Thus, we specify the conformation of the small molecule ligand by ‘s’ torsion angles (\({{\uptheta }}_{r}\), r = 1, s). Six additional parameters describe the ligand’s docking pose, i.e., three for the position and three for the orientation of the ligand in the receptor binding site. If there are ‘p’ torsion angles that describe the flexible residues in the receptor binding site, then we have a total of ‘s + 6 + p’ dimensions in the search space (\({{\uptheta }}_{r}\), r = 1, s + 6 + p). The volume of the search space is \({(n)}^{s+6+p}\), if each dimension is sampled at ‘n’ intervals. Out of the \({(n)}^{s+6+p}\) points in the search space, the MOLS method calculates the values of the scoring function only at \({(n)}^{2}\) points, and analyzes them to simultaneously locate the optimum conformation of the ligand, its pose, and also the conformation of the side-chains of the receptor flexible residues. Since the search space is defined on a discrete grid of ‘s + 6 + p’ points, the actual optimum may be off-grid and lie close to but not actually on the grid point. Therefore to identify the nearest off-grid optimum, we perform a gradient minimization [29] as the final step.

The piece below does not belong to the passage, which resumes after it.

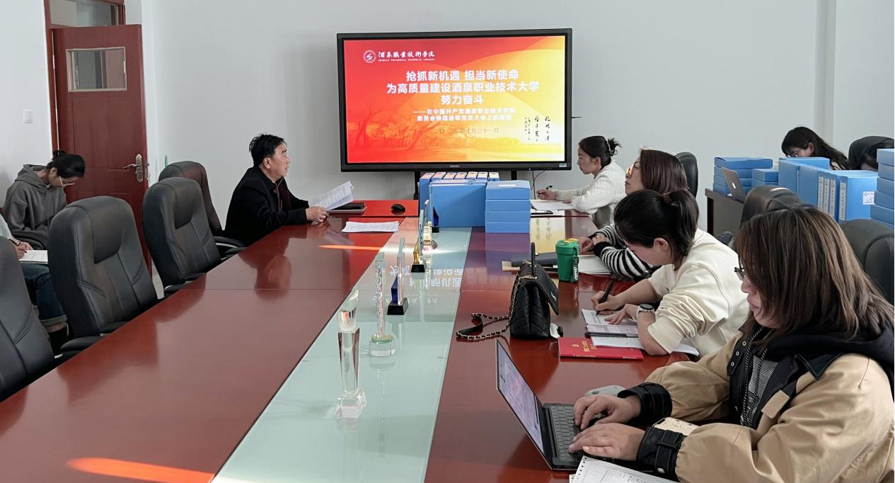 10月15日,中国共产党酒泉职业技术学院委员会换届选举党员大会胜利召开,易志军同志代表中国共产党酒泉职业技术学院委员会作了题为《抢抓新机遇 担当新使命 为高质量建设酒泉职业技术大学努力奋斗》的工作报告,报告引发了师生的强烈共鸣。为进一步贯彻落实党员大会上的报告精神,10月31日,必赢766net手机版专题学习了中国共产党酒泉职业技术学院委员会换届选举党员大会上的报告。

The ligand (any organic chemical compound) is specified in MDL Molfile (.mol) format. The rotatable bonds in the ligand are identified using findrotatable.pl which is available at http://www.ccl.net/cca/software/PERL/Find_Rotatable_Bonds/. All the variable torsion angles of the ligand are sampled from 0° to 360° at intervals of 10°. As described by Arun Prasad and Gautham [15], the orientation of the ligand in the binding site is specified by three angles, two of which specify the position of a rotation axis for the ligand. The third angle is the angle of rotation about this axis. The ligand translates inside a 5 Å cubic box centered at the midpoint of the receptor binding site. To test successful docking in iMOLSDOCK, it is necessary to dock the ligands to a pre-defined binding site before blind docking [30]. Therefore, for all the test cases (Table 1), we defined the binding site of the ligand. The binding site information was extracted from the holo protein–ligand crystal structure. (If the binding site in the receptor protein is not known, then binding site may be automatically found in iMOLSDOCK using the Fpocket 2.0 algorithm [31, 32].)

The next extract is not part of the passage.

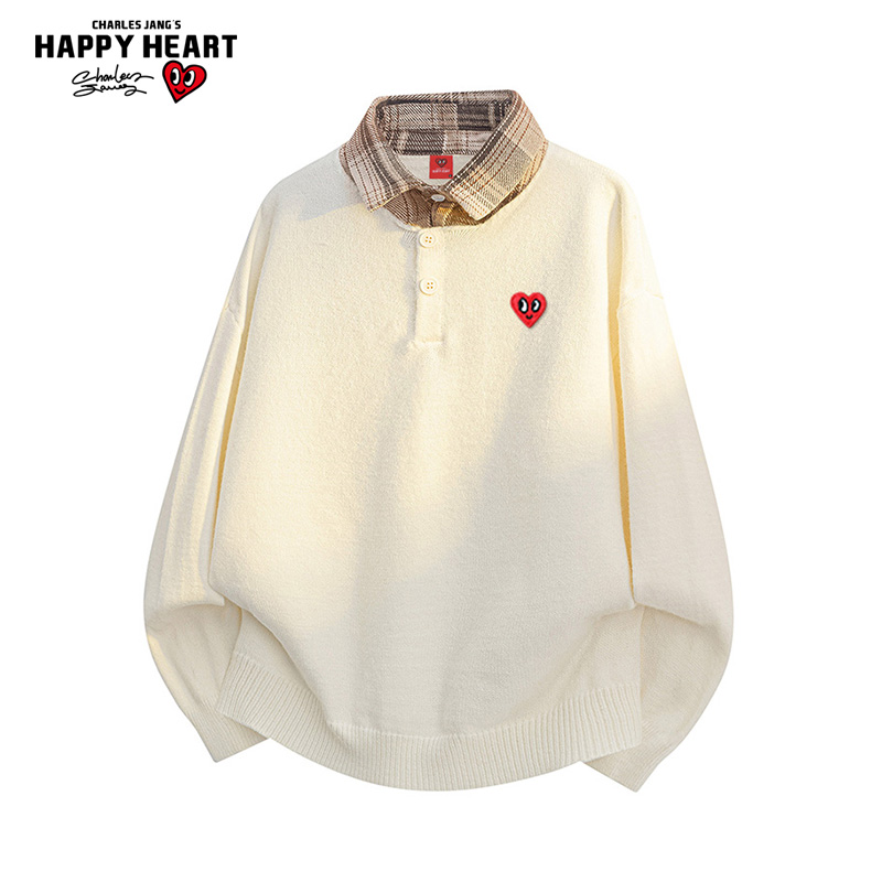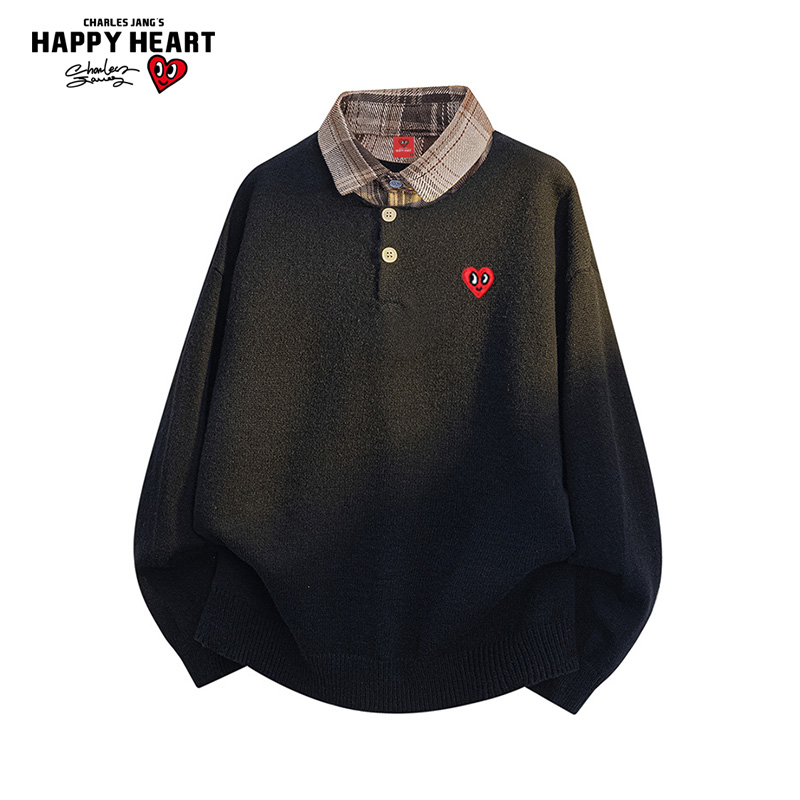 假两件百搭情侣针织衫 新款 领毛衣男秋冬季 查尔斯桃心拼色格纹衬衫

Table 1 The 34 protein–ligand complex structure of the benchmarking dataset

The three-dimensional structure of the receptor protein is specified in PDB format. In iMOLSDOCK, side-chain receptor flexibility is allowed [21]. The flexible residues may be specified explicitly. In case, the flexible residues are not known, then residues that are within 4.0 Å from each atom of the ligand are automatically selected. In iMOLSDOCK, a maximum of 50 protein residues may be allowed to be flexible. For the test cases (Table 1), we allowed the side-chain torsion angles of the flexible residues to fluctuate in a range of 40° (i.e., − 20° to + 20° from their position in the crystal structure).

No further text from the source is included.